Белка скакнула через Лярву и уюркнула за дачку. Павлин стоял в головах Лярвы, тряс радужным хвостом-опахалом и топтался.
– Глядите, он ее провожает! – воскликнул доктор. – Вот так апофеоз! Ну, как же не из трагедии?! – Он потер лоб и сморщился. – Как сон какой-то… И что за память дырявая! Сегодня я забыл – «Отче наш»! Три часа вспоминал – не мог! Пришлось открывать молитвенник. Я по поводу этого должен сделать интересное обобщение, но это потом… А теперь… Да о чем же я говорил-то?..
– Пришли покупать часы, доктор…
– Да, часы… Зашли мы с ней в гнусный какой-то переулок, грязный и мрачный, у Темзы где-то.
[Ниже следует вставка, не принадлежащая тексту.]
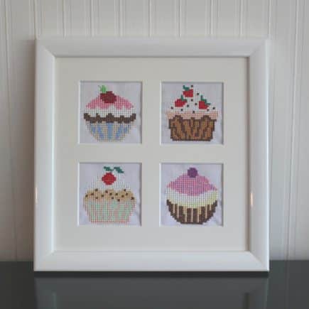 Cupcake sticken im Kreuzstich – mit diesen Stickdateieien für die Stickmaschine kannst du deine Küchenaccessoires wie Geschirrtücher oder Kochschürzen verzieren.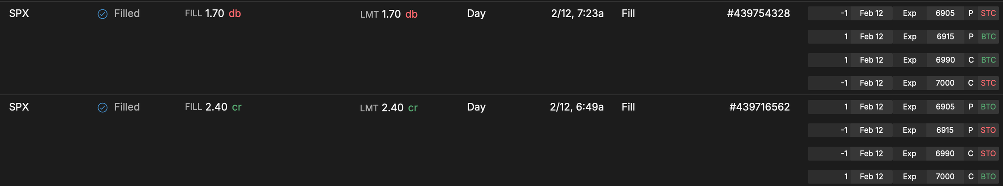 The first one was on Feb 12th - an Iron Condor netting me $70 in 34 minutes.

Дома старинные, закопченные, козырьки на окнах… и погода была, как раз для самоубийства: дождишко скверненько так сочился через желтый, гнилой туман, и огоньки грязного газа в нем – и в полдень! И вдобавок еще липко воняло морской этой слизью рыбьей… Помню, отвратительное было настроение. И какой-то хромоногий эмигрантик русский дорогу нам указал, все кашлял и плевал кровью. Местечко такое… из Диккенса. А в темных лавках, за зелеными шторками с бахромой, все антиквары, антиквары в норах своих, как пауки, в пыли, в паутине, серые, таинственные… пауки глубин жизни… шевелятся там со старьем со всяким, в губу нашептывают… Чего-то там нет только! И все – отшедшее. Секстаны ржавые, пиратские шпаги от флибустьеров и буконьеров, «боги» всякие с островов малайских и папуасских, из тропических прорв и дебрей, из человечьих костей печатки царьков диких, скальпы там, амулеты… – пеленки, так сказать, человечьи, но с кровью. И «пауки» эти точно отбор в них делают, подчищают: кому еще, пожалуй, и пригодится!
– Доктор, вы опять уклоняетесь. Вы про какие-то часы хотели…
Доктор вдумчиво посмотрел на меня и покачал головой.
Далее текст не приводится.